Characteristics of sulfur‐oxidizing bacteria implicated in the degradation of H₂S

	Acidophilic			Neutrophilic			Alkaliphilic
Characteristics	Thiobacillus ferrooxidans	Thiobacillus thiooxidans	Thiomicrospra frisia	Thiobacillus denitrificans	Thiobacillus thioparus	Thiobacillus neapolitanus	Thioalkalispira microaerophila	Thioalkalivibrio versutus	Thioalkalimicrobium aerophilum
pH growth range	1.5‐6.0	0.5‐6.0	4.2‐8.5	–	5.0‐9.0	–	8.0‐10.4	7.5‐10.65	7.5‐10.6
Optimum pH	2.0	2.0‐3.5	6.5	6.8‐7.4	7.5	7.0	10.0	10.0‐10.2	9.5‐10.0
Temperature growth range (°C)	2‐37	10‐37	3.5‐39	–		–	–	<50	<39
Optimum temperature (°C)	30	28‐30	32‐35	28‐32	28	30	–	–	–
G+C content of DNA (mol%)	56.3‐58.8	52.0‐62.0	39.6	63.0	62.0	–	58.9	61.0‐66.5	47.3‐51.2

Oxygen requirement	Facultative anaerobe	Strictly aerobe	Strictly aerobe	Facultative anaerobe	Strictly aerobe	Strictly aerobe	Strictly (micro)aerobe	Strictly aerobe	Strictly aerobe
Examples of energy source	Ferrous ion, reduced sulfur compounds	Hydrogen sulfide, elemental sulfur	Thiosulfate, tetrathionate, elemental sulfur, sulfide	Thiosulfate, tetrathionate, thiocyanate, elemental sulfur, sulfide	Thiosulfate, tetrathionate, thiocyanate, trithionate, sulfide	Thiosulfate, tetrathionate, sulfite, sulfide, elemental sulfur	Thiosulfate, polysulfide, elemental sulfur, sulfide,	Thiosulfate, Trithionate, tetrathionate, polysulfide, elemental sulfur, sulfide,	Thiosulfate, tetrathionate, sulfide, polysulfide, elemental sulfur

Sulfur deposit	–	–	Extracellular	–	Extracellular	–	Intracellular	Extracellular	Extracellular
Cell type	Gram‐negative

Trophy	Obligate chemoautotroph
References	[36]	[37, 38]	[39]	[40]	[41]	[42]	[43]	[44]	[44]

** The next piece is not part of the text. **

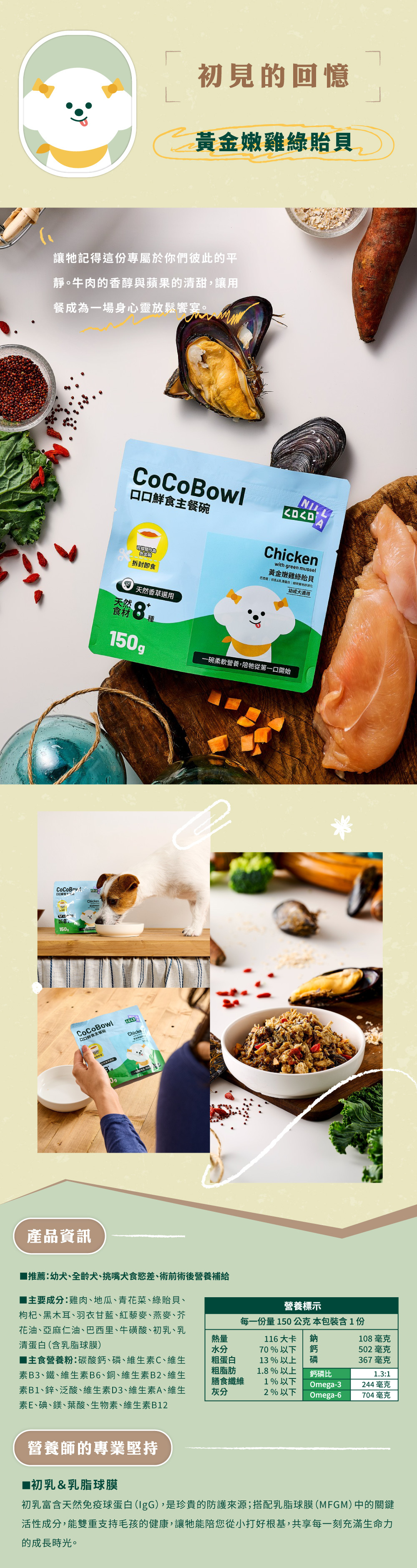 | 成分 | 雞肉、地瓜、青花菜、綠貽貝、枸杞、黑木耳、羽衣甘藍、紅藜麥、燕麥、芥花油、亞麻仁油、巴西里、牛磺酸、初乳、乳清蛋白(含乳脂球膜) 主要營養粉:碳酸鈣、磷、維生素C、維生素B3、鐵、維生素B6、銅、維生素B2、維生素B1、鋅、泛酸、維生素D3、維生素A、維生素E、碘、鎂、葉酸、生物素、維生素B12 |
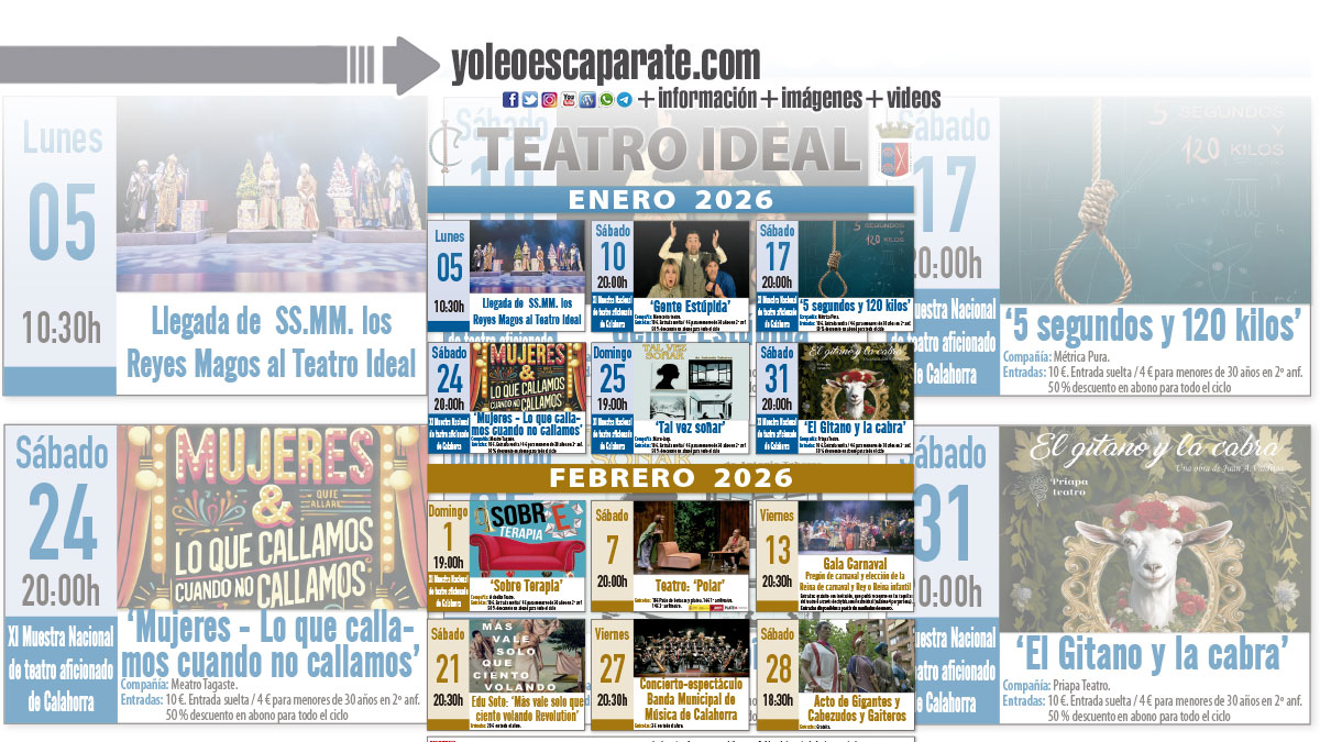 El 31 de enero a las 20:00 horas la muestra continuará con ‘El gitano y la cabra’ de la compañía Priapa teatro y el 1 de febrero el grupo A Cholón teatro cerrará esta undécima edición de la Muestra nacional de teatro aficionado de Calahorra interpretando ‘Sobre terapia’ a las 19:00 horas.

3. STRATEGIES FOR IMPROVING THE MICROBIAL CAPTURE OF H₂S USING SOB

As we know, SOB is a fundamental and significant component of the biological gas desulfurization process, directly influencing the oxidization rate of sulfide and the yield of bio‐S⁰. Therefore, improving the biomass and activity of SOB, reducing undesired products (sulfate and thiosulfate), and accumulating bio‐S⁰ are meaningful and arduous work. Representative difficulties in the BDS process include the acidification of process solution due to excessive oxidation of sulfide, low SOB biomass and desulfurization activity, recycling problems of SOB. A summary of reported strategies to solve the mentioned above problems has been presented in Figure 2.

FIGURE 2.

Schematic diagram summarizing reported strategies to solve mentioned above problems in the biological desulfurization (BDS) process. There are four parts of solving problems that appeared in the BDS process, including (I) the biomass of SOB is improved via fed‐batch strategy, (II) controlling O₂ supplied to the bioreactor and screening heterotrophic sulfur‐oxidizing bacteria (SOB) are beneficial to ease the acidification of process solution, (III) metabolic engineering of SOB is achieved by conventional genetic editing methods, including genes deletions, over‐expression enzymes, use of alternative promoters, and use of alternative hosts, (IV) novel CRISPR‐Cas systems are used in gene‐editing of SOB

3.1. Fed‐batch strategy for SOB biomass improvement

Substrates supply is necessary for any bioprocess, whether added at the beginning or provided over time based on several strategies. Because substrates supply affects the biomass, as a result, product yield and bioprocess cost are influenced. Batch, fed batch, and continuous culture are used to cultivate microorganisms in the bioreactor, and which culturing method to use depends on the microorganism, application, and final goal, as following: (i) Batch is appropriate for the bioprocess of fast cultivation and limited time‐consumed, (ii) fed‐batch is suitable for the bioprocess of high cell density and flexible productivity, (iii) continuous culture is proper for the stable and enduring bioprocess [45].

Normally, fed‐batch culture is easier to control concentrations of substrates compared to batch culture, because it affects the desired metabolite's yield or productivity. Moreover, fed‐batch culture has been used in various fields of biotechnological production due to its advantages of increasing growth and biomass [46, 47, 48, 49]. Sharshar et al. found that fed‐batch culture resulted in higher biomass of Thioalkalivibrio versutus and productivity of bio‐S⁰ compared to batch culture [29]. Also, Guajardo et al. discovered that the fed‐batch bioreactor had a higher conversion compared to the batch bioreactor [49].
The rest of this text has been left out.